WHAT THE EXERCISE ASKS :: Return the full listing word for word, but drop every picture from it.

RECORDED DATA ::
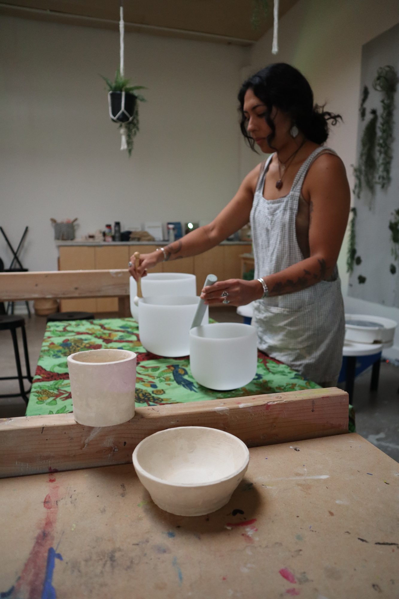 Our studios are the perfect pottery studio for beginner and hobbyist students. We offer classes for one-time students, and ongoing students, and workshops that focus on projects having to do with ceramics, wellness, creativity, and sustainability. We are known for our amazing class instructors and wellness fusion workshops that collaborate with local facilitators to create unique experiences. I would say this sets us apart from other studios that we focus on the fusion of mental health activities like journaling, sound healing, movement, etc. with clay. This has been a recent development in the business, one year now offering these experiences to further define the brand and make it niche and special. We are proud of the brand as it becomes something that the students and clients have an impact on, along with our beliefs in providing an accepting, diverse, authentic, creative zen space.
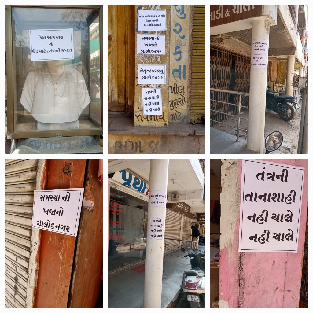 રસ્તાની માંગણીને લઈ દુકાનો પર નગરપાલિકા વિરુદ્ધ સૂત્રોચ્ચાર લખી અનોખી રીતે વિરોધ કરાયો
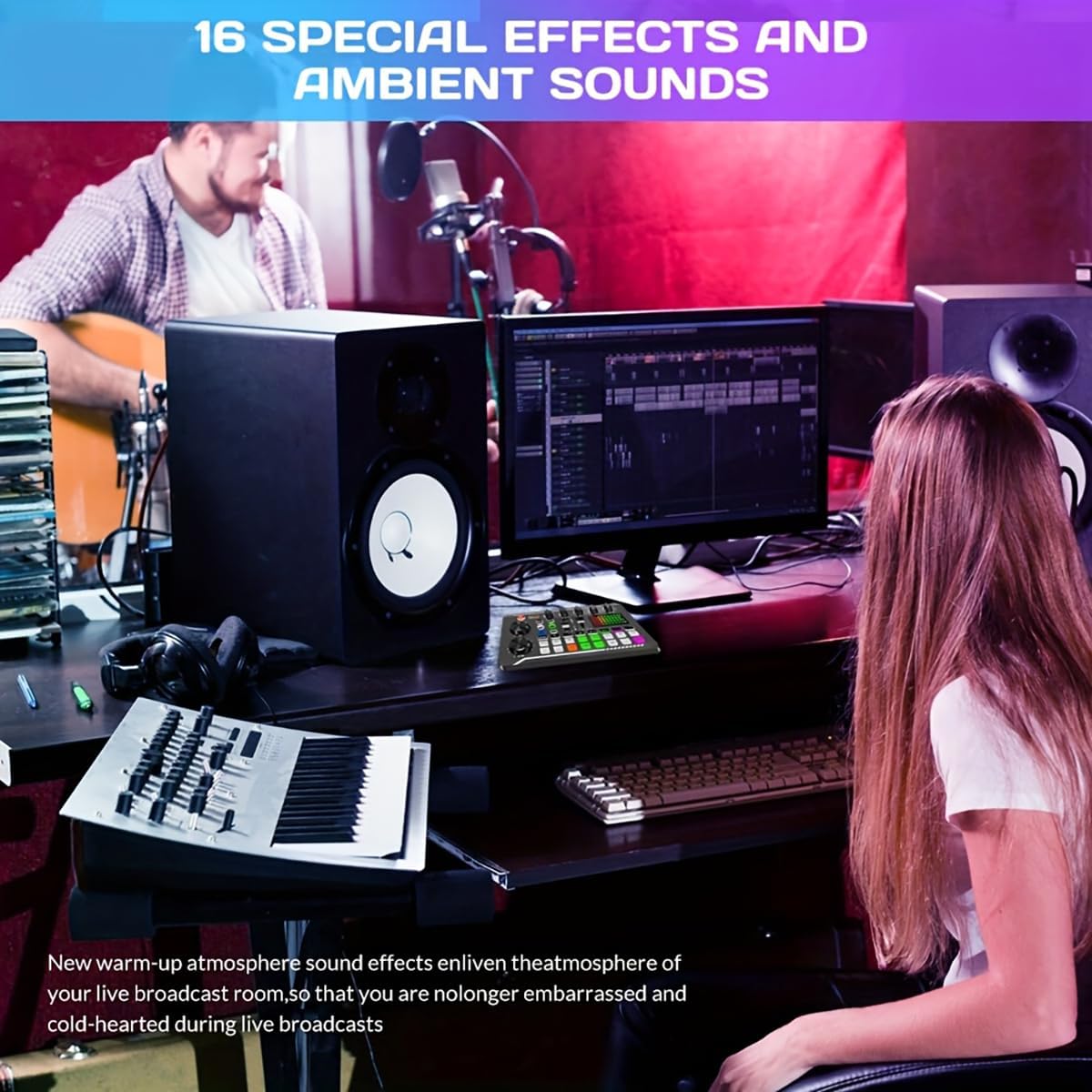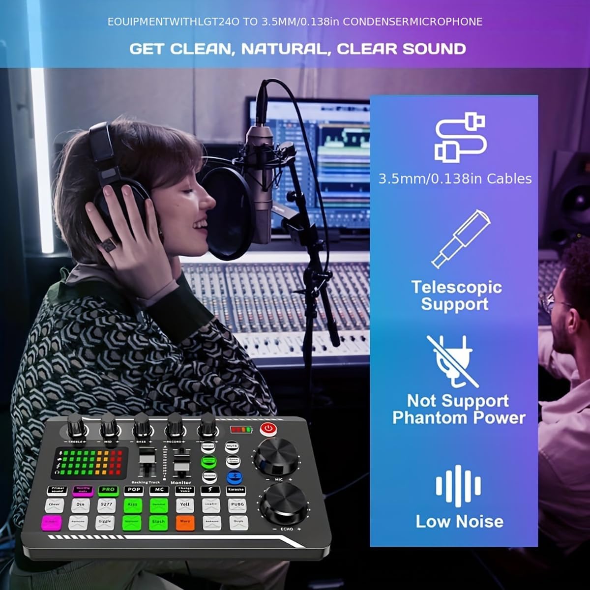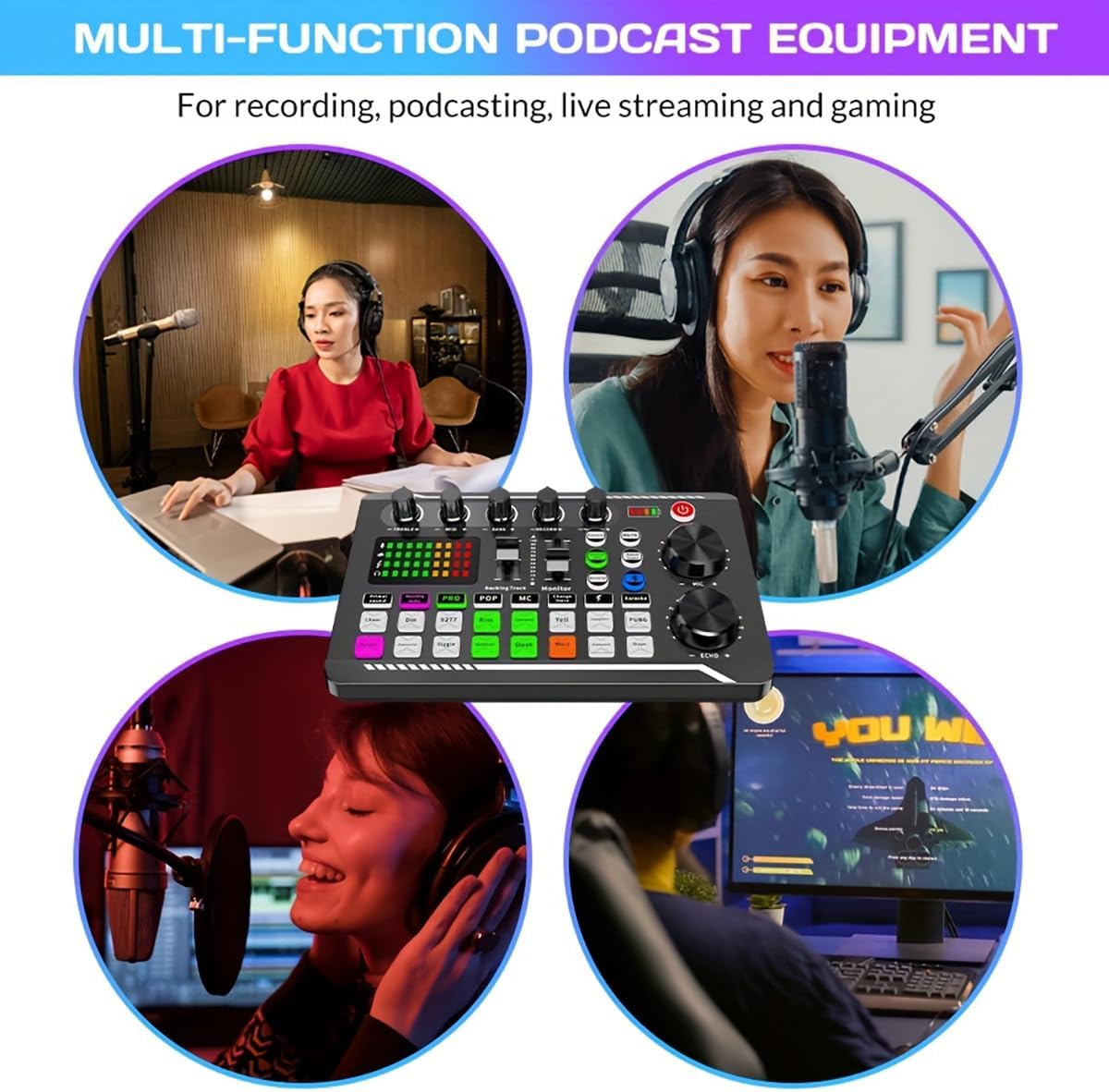 - All-in-One Sound Effects Board: Ultimate audio interface bundle for creators. Combines a sound mixer board, voice transformer, Bluetooth receiver, and FX processor – perfect for home studios, gaming commentary, music recording, and live broadcasts
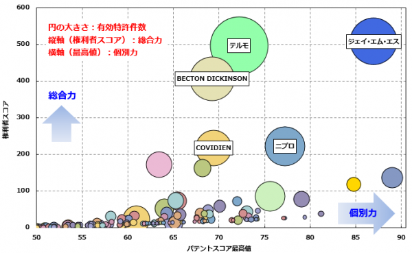 本調査では、チューブや注入針のみならず、コネクタ、流量可変器具、弁装置、活栓など付属装置を含む輸液・輸血セット関連技術に着目し、参入企業の競争力に関する調査を行いました。1993年から2014年4月末までに日本の特許庁で公開された関連特許3,324件を対象に、特許の質と量から総合的に見た「特許総合力ランキング」を集計しました。

OUTPUT OF THE TASK ::
 Our studios are the perfect pottery studio for beginner and hobbyist students. We offer classes for one-time students, and ongoing students, and workshops that focus on projects having to do with ceramics, wellness, creativity, and sustainability. We are known for our amazing class instructors and wellness fusion workshops that collaborate with local facilitators to create unique experiences. I would say this sets us apart from other studios that we focus on the fusion of mental health activities like journaling, sound healing, movement, etc. with clay. This has been a recent development in the business, one year now offering these experiences to further define the brand and make it niche and special. We are proud of the brand as it becomes something that the students and clients have an impact on, along with our beliefs in providing an accepting, diverse, authentic, creative zen space.
 રસ્તાની માંગણીને લઈ દુકાનો પર નગરપાલિકા વિરુદ્ધ સૂત્રોચ્ચાર લખી અનોખી રીતે વિરોધ કરાયો
 - All-in-One Sound Effects Board: Ultimate audio interface bundle for creators. Combines a sound mixer board, voice transformer, Bluetooth receiver, and FX processor – perfect for home studios, gaming commentary, music recording, and live broadcasts
 本調査では、チューブや注入針のみならず、コネクタ、流量可変器具、弁装置、活栓など付属装置を含む輸液・輸血セット関連技術に着目し、参入企業の競争力に関する調査を行いました。1993年から2014年4月末までに日本の特許庁で公開された関連特許3,324件を対象に、特許の質と量から総合的に見た「特許総合力ランキング」を集計しました。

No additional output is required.